When a Codex-backed worker process crashes or exits unexpectedly while processing a Linear issue, the orchestrator receives a `{:DOWN, ...}` message. This triggers the retry logic, which calculates the next backoff delay and schedules a retry attempt, preserving the original execution context including workspace paths and error details.

### How does Symphony calculate exponential backoff delays?

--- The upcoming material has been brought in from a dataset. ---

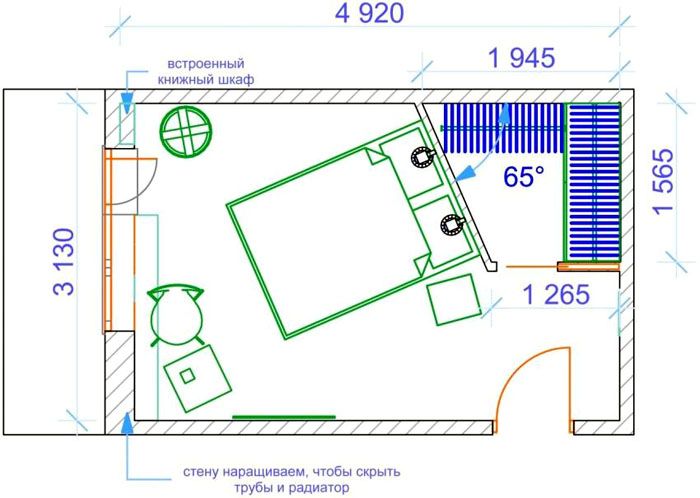 Nur einen freien Platz zu finden, reicht nicht aus, um Möbel richtig zu platzieren und bequem zu nutzen. Wenn Sie im Schlafzimmer einen großen dreieckigen Eckschrank installieren, sind die mittleren Regale zu tief. In den seitlichen verursachen scharfe Ecken Schwierigkeiten. Dieses Beispiel zeigt die Notwendigkeit einer umfassenden Bewertung von Größe und Form.
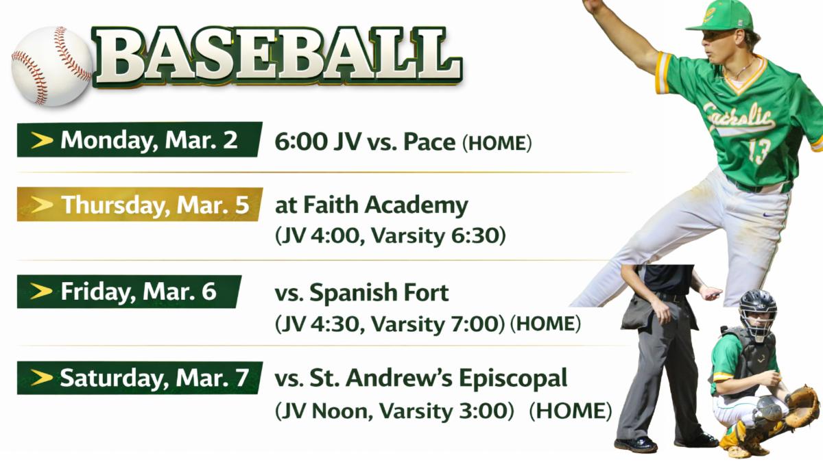 Friday, Mar. 6--Student Council Elections; Dismissal Times (12th 1:55 p.m., 9th, 10th and 11th 2:55 p.m.); Baseball (Home) vs. Spanish Fort (JV 4:30, V 7:00 p.m.); Girls Lacrosse (Home) vs. St. Pius Catholic, 5:30 p.m.; Softball (Home) vs. St. Michael Catholic, 6:00 p.m.; Tennis at Bay, 10:00 a.m.

Symphony calculates delays using `failure_retry_delay/1`, which applies the formula `min(10s * 2^(attempt-1), max_configured_backoff)`. The exponent is capped at 10 to prevent integer overflow, and the final delay cannot exceed the `agent.max_retry_backoff_ms` configuration value. First-attempt continuations receive a fixed 1-second delay instead.

### What metadata is preserved during a retry?

The orchestrator preserves the `identifier` (for correlation), the `error` string (for debugging), the `worker_host` (for host affinity), and the `workspace_path` (for filesystem context). This metadata is stored in the `state.retry_attempts` map under the issue ID, ensuring resumed agents can continue execution from the exact previous state.

### Is there a maximum retry delay in Symphony?

Yes. While the exponential calculation uses powers of 2, Symphony caps the exponent at 10 (preventing delays beyond ~2.8 hours from the base) and applies a hard ceiling via `Config.settings!().agent.max_retry_backoff_ms`. This jitter-free, bounded backoff prevents infinite retry loops and excessive resource waiting.